Getting the per slice last level cache miss details

Dutta__Sankha
Beginner
418 Views

Hi 

I am new to performance measurement using counters. I am using 7th generation kabyLake processor and I want to measure the LLC miss per slice for a portion of code very similar to as something mentioned in here. It mention of first setting the MSR for measuring LLC_LOOKUP and then read for each C-Box. So I was wondering if someone could give me some idea as to how MSR would be set and with what value to get he LLC_LOOKUP and then measure for per slice for the given processor. I am trying to use libpfc to achieve the above purpose. However, to me the method of gathering the measurement is not very important. Also I am not sure if any such counter is available for the processor I am using. So that would be helpful to know if I can use the methodology mentioned in the paper. Any help would be greatly appreciated. Thank you.

0 Kudos
9 Replies
Thomas_G_4
New Contributor II
418 Views

There are different ways to get to the counts. The examples are for Intel Skylake, it might be slightly different for Kabylake although the changes between Skylake and Kabylake are minor (for hardware performance monitoring)

- Like in the paper:
Get number of LLC slices (Bits 0-3)
# rdmsr 0x396
Stop all counting in all LLC slices
# wrmsr 0xE01 0x0
Configure LLC_LOOKUP event in all 4 LLC slices of Intel Skylake desktop chips (Bit 20 and 22 are user-mode counting and enable bit, 0x34 selects LLC_LOOKUP and 0x8f specifies "0x80: Any request , 0x1: modified state, 0x2: exclusive state, 0x4: shared state, 0x8: invalid state)
# wrmsr 0x700 0x508f34
# wrmsr 0x710 0x508f34
# wrmsr 0x720 0x508f34
# wrmsr 0x730 0x508f34
Now we need to start all counters (Bit 29 for unfreeze, 0xf: one enable bit per LLC slice
# wrmsr 0xE01 0x2000000f

> Run your code

Stop all counting
# wrmsr 0xE01 0x0
Read all counter registers
# rdmsr 0x706
# rdmsr 0x716
# rdmsr 0x726
# rdmsr 0x736
 

You should set the config registers (0x700, 0x710, 0x720, 0x730) to zero when done

 

- Using perf (/proc/sys/kernel/perf_event_paranoid needs to be 0)
 

perf stat -e  uncore_cbox_0/event=0x34,umask=0x8f/, uncore_cbox_1/event=0x34,umask=0x8f/, uncore_cbox_2/event=0x34,umask=0x8f/, uncore_cbox_3/event=0x34,umask=0x8f/ <executable>

The paper does not mention which umask value they are using. Although 0x80 specifies 'any request', you can also try 0xf0 for (read, write, snoop and any).

Dutta__Sankha
Beginner
418 Views

Hi Thomas

Thank you so much for the comments. I was trying to use the msr tool and I used the rdmsr 0x396 and it gives out an output of 5. My CPU architecture have 4 cores which should have 4 slices. I am not sure if the MSR for getting the number of slices is different for kabylake or actually there are 5 slices which would be really odd. Can you also provide me some information that where can I get the MSR numbers and their details for a particular processor architecture (kabylake in my case). 

Dutta__Sankha
Beginner
418 Views

There is another issue as well. I am trying to execute rdmsr and wrmsr in an inline assembly. I am providing my sample code below:

static inline uint64_t rdmsr()
{
	uint64_t low, high;
	asm volatile (
		"rdmsr"
		: "=a"(low), "=d"(high)
		: "c"(0x10)
	);
	return ((uint64_t)high << 32) | low;
}

int main(int argc,char *argv[]){

	printf("%ld\n",rdmsr())	;
	
	return 0;
}

So I guessed that could be because of the privilege level issue which is also mentioned in this post. But I tried to run even with a root access and it still gave me segmentation fault. A dmesg gave me the following output. 

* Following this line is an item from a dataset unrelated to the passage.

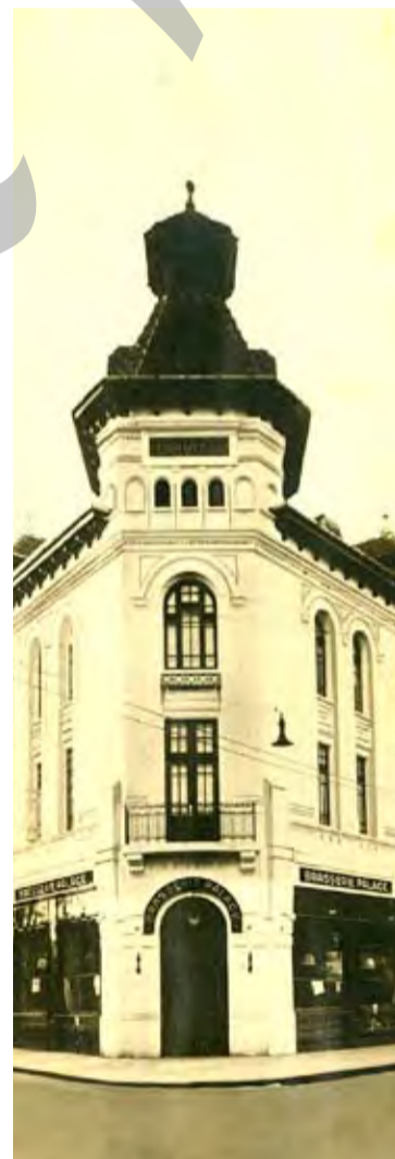
● Fotografie din Colecția Costel Gheorghiu, furnizată de Direcția Județeană pentru Cultură Galați

„Mă bucur că, într-un târziu, acest proces s-a terminat cu sorți de izbândă pentru Primăria municipiului Galați. Din acest moment nu vom mai avea nicio scuză pentru situația în care se află clădirea, dar asta nu înseamnă că de mâine clădirea va arăta așa cum era înainte. Trebuie să parcurgem pașii legali necesari, care implică o durată mai mică sau mai mare de timp, dar va fi unul dintre obiectivele mele până la sfârșitul mandatului. E posibil – nu am certitudinea – să transferăm clădirea către Consiliul Județean care, în acest moment,

[ 4859.889760] traps: LLC_RE[2224] general protection ip:4005e5 sp:7ffd11f14030 error:0 in LLC_RE[400000+1000]

So even though I am running at a lower privilege level still it causes protection error. So I was wondering how this can be solved. 

 

Thomas_G_4
New Contributor II
418 Views

Hi,

you can find the register addresses in the Intel SDM Volume 4 Chapter 2. When your Kabylake has 5 CPU cores, you probably also have 5 LLC slices. The Skylake mentioned in my post has 4 cores.

You can use the rdmsr and wrmsr instructions only in ring 0 (kernel) and not in user-space. You have to use either the msr-tools or run as root and use the msr kernel devices (/dev/cpu/*/msr with pread()/pwrite()).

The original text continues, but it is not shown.